# KA24E Idle Problem



## rkm (May 13, 2006)

so here's whats going on. im looking to buy a 240 from a guy i found in a local forum. i PMed him to let em know i was interested and when he calls me back he says that theres a problem with the engine. 

says it just started today. was on his way back from the mall and it started stuttering while he was on the freeway. he made it home but apparently it got worse. when you start the car it wont idle for more than 5 seconds or so unless you give it some gas. the idle is really rough too. drops real low then comes back up. does that a couple times then just dies.

he says the plugs arent more than a month old. new airfilter too. i wouldnt know where to look because this is hopefully my first nissan. any help is appreciated.


----------



## Trippen (Feb 21, 2006)

Ok A little bit more info......is it an auto or 5 speed? There are a few things...a idle controler gone bad or a vacume line that has disconnected from the same unit. just my 2cents...Search this forum for rough idle and MAF youll find allot of what your looking for.


----------



## rkm (May 13, 2006)

5 speed. he said it wasnt only the idle because it started on the freeway. hopefully he gets back to me and i can check the vacume lines.

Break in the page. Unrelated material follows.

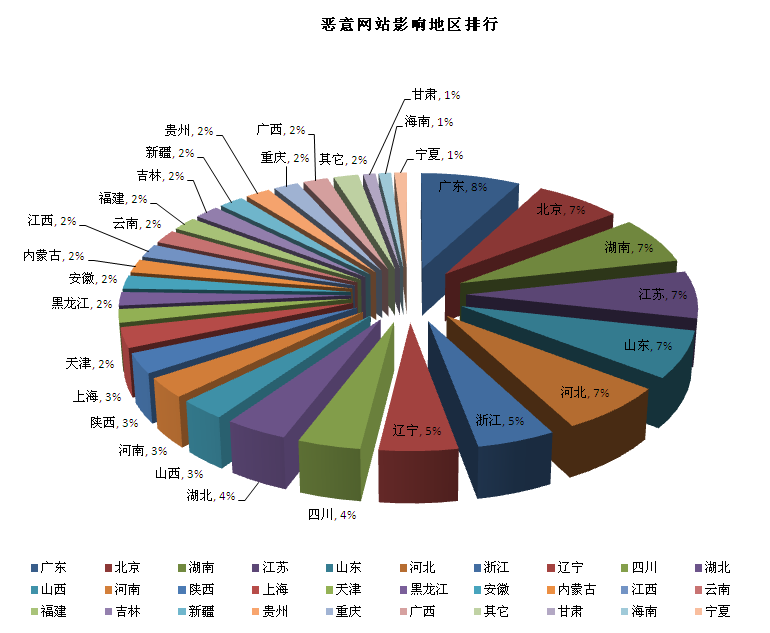 在各省疫情方面,广东省以8%的数量领先,北京、湖南、江苏、山东等省市紧随其后。从统计数据来看,各省网民受恶意网木马网站几乎没有差距,上网计算机保有量是疫情地区差别最重要的原因。

thnx for the search tips. my searches came up with massive lists of non-related stuff. ill check it out


----------



## rogoman (Dec 16, 2004)

Could be any number of problems:
1 - Sticking EGR valve.
2 - Dirty fuel injectors.
3 - Major vacuum leak.
4 - Marginal fuel pump.
5 - Plugged up fuel filter.

I'd be cautious about buying the car. You could end up with a money drainer.


----------



## SHpaintball (Jan 30, 2006)

ok look i have /had the same problem......just clean off the fuel injectors...make sure your fuel filter is clean and most important a leaky vacumm ( thats what was wrong with mine) just check all your hoses and make sure they are in good condition it will solve the problem


----------



## SHpaintball (Jan 30, 2006)

rogoman said:


> Could be any number of problems:
> 1 - Sticking EGR valve.
> 2 - Dirty fuel injectors.
> 3 - Major vacuum leak.
> ...



yea mine was a money drainer but personally it was worth EVERY LAST CENT I PUT INTO IT!!! gotta love that 260hp! 235TQ sr20det


----------